In general, among the 4 key points, the peak stress point (σ p ) As a parameter for distinguishing the integral instability of the rock, the point is taken as a distinguishing point before and after the peak to be consensus; for hard rock with high density and low porosity such as shale, the crack closing stage is not obvious, and the stage is not directly related to the characteristics of damage, plasticity, strength and the like, so the crack closing point (sigma) can be ignored in shale cc ) Is a function of (a) and (b). The inflection point of the volume change is used as a critical point for the transition of the microcrack from stable expansion to unstable expansion, and therefore, the point can be used as a damage starting point (sigma cd ). Crack initiation point (sigma) ci ) There is no significant feature on the stress-strain curve, precisely, σ ci Almost impossible, but sigma ci As the end point of the linear elastic phase, the end point of the linear segment is generally regarded as the initial yield point in the plastic mechanics, so that although the crack start point and the initial yield point have a certain difference in physical sense, both values reflect the state of the rock material converted from the linear elastic phase to the nonlinear phase, and the values are significant for constructing the strength criterion of the rock, engineering design and the like.
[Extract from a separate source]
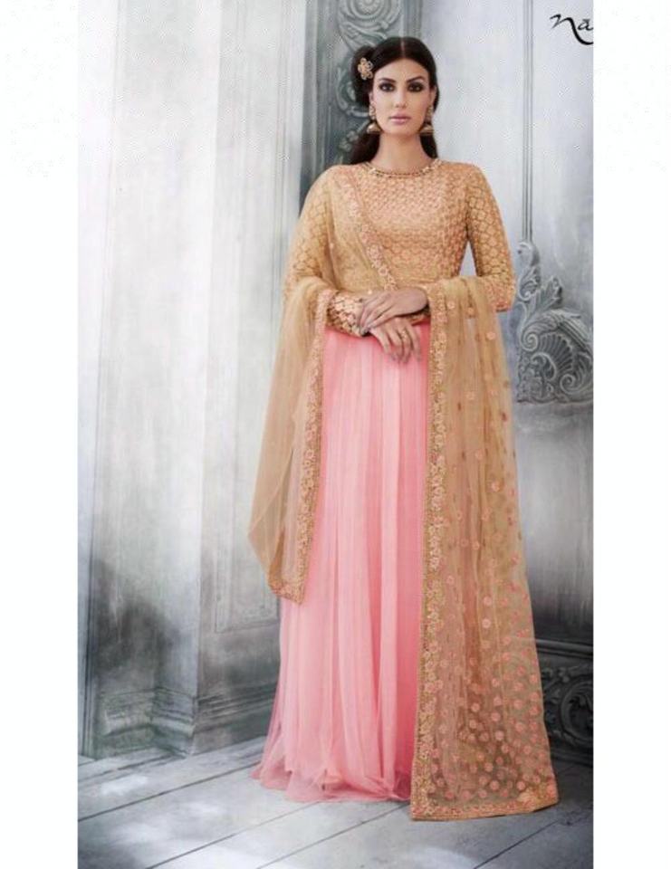 ชุดอนาร์กาลีผ้าตาข่ายปักลายสีชมพู

In the deformation and destruction process of the rock, if the influence of an external heat source is not considered, the work of the rock by the external force is converted into elastic strain energy, plastic deformation energy, surface energy and the like. From the first law of thermodynamics, it is known that:
U=U d +U e
wherein U is the density of the external input strain energy, U d Dissipation energy density, energy dissipation mainly due to plastic deformation and damage, U e Is the elastic strain energy density.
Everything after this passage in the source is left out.